Widerøe was able to reclaim the Florø contract in the 2012 tender, after they bid to operate the route without subsidies. The routes to Svolvær, Leknes, Røst and Narvik were awarded to Danish Air Transport, but two weeks before operations were to start the Civil Aviation Authority of Norway stated that DAT did not meet the safety requirements, resulting in Widerøe instead being awarded the contract. The main issue resolved around the installation of the SCAT-I landing system; the time from the tender was completed until the operations started was two weeks, but it took eight months to install the system. DAT stated that the introduction of the SCAT-I-system had resulted in a de facto monopoly for Widerøe.
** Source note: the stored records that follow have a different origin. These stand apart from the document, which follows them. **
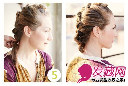 如此类推,完成余下的头发,盘出你喜欢的数量的发结直到颈线处结束,将最后余下的发尾用发夹夹好藏起,发型就完成了。
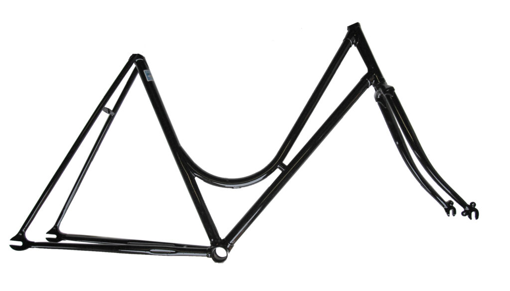 The Frascona curve instead carries that load through a single continuous structural member. The curve creates a direct path between the head tube and the bottom bracket, allowing the primary forces of steering and pedalling to travel through one uninterrupted tube.
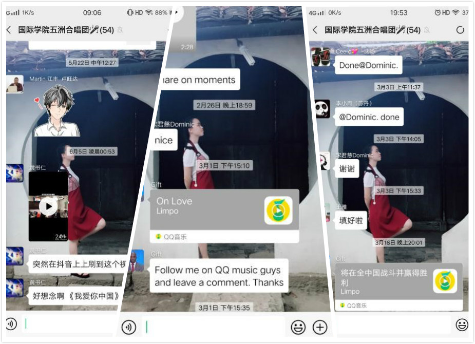 2020年2月8日是中国传统节日元宵节,作为五洲合唱团团长的我通过微信群给团员们加油打气:“今天是元宵佳节,在此祝大家元宵节快乐!希望大家做好疫情防护措施,待春暖花开之时,我们仍在美丽西大相聚!”。团员们因而深受感动并纷纷响应我的提议,在世界各地录制视频,共唱《我爱你中国》,为武汉祈福,为中国加油。
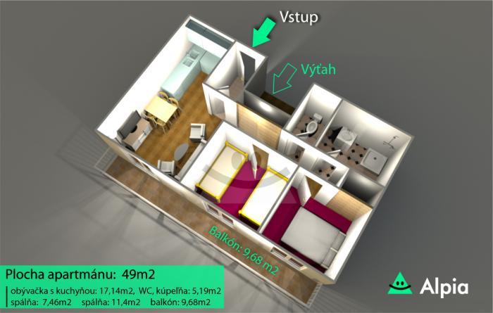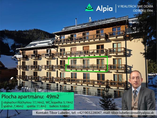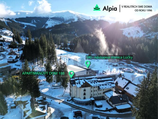 ALPIA Reality v exkluzívnom zastúpení ponúka na predaj apartmán s rozlohou 49,14 m² a 9,86m2 balkónom v Apartmánovom dome 188 len cca 2 min chôdze od nástupnej stanice Lúčky – Vyhliadka v lyžiarskom stredisku SKI Jasná.Hlavné výhody apartmánu:• Lokalita: Apartmán sa nachádza na 2 poschodí s výťahom a situovaním na južnú stranu, len niekoľko minút pešo od nástupu na sedačkovú lanovku. Vďaka tomu si môžete vy alebo hostia naplno užívať lyžovačku bez nutnosti dlhého presunu.• Vysoká obsadenosť: Apartmán je obsadzovaný celoročne, čo z neho robí výbornú investičnú príležitosť.• Parkovanie: K apartmánu prislúcha jedno parkovacie miesto zdarma.• Lyžiareň: Nachádza sa priamo v budove s oddeleným vstupom mimo hlavného vchodu a je prepojená so vstupnou chodbou s výťahom na jednotlivé poschodia. Vstup je zabezpečený kartovým systémom. Pre apartmán je vyhradený uzamykací stojan na 4-páry lyží a taktiež sušič na lyžiarky.

Widerøe also regained the Røros route, so that after the 2012 contracts Widerøe operates all PSO routes except to Fagernes.

The SAS Group announced in November 2012 that it intended to sell Widerøe—which SAS estimated was worth between NOK 0.9 and 1.3 billion—because of the group's financial difficulties. Potential purchasers include Torghatten Trafikkselskap, Braathens Aviation and Finncomm. A group of employees have stated that they are interested in purchasing a minority stake. By February 2013 there was little progress in the sales plans, in part because Widerøe owned the SAS Group NOK 600 million in group contributions, which would they would have to pay before a sale. After such a payment Widerøe would have a net negative equity.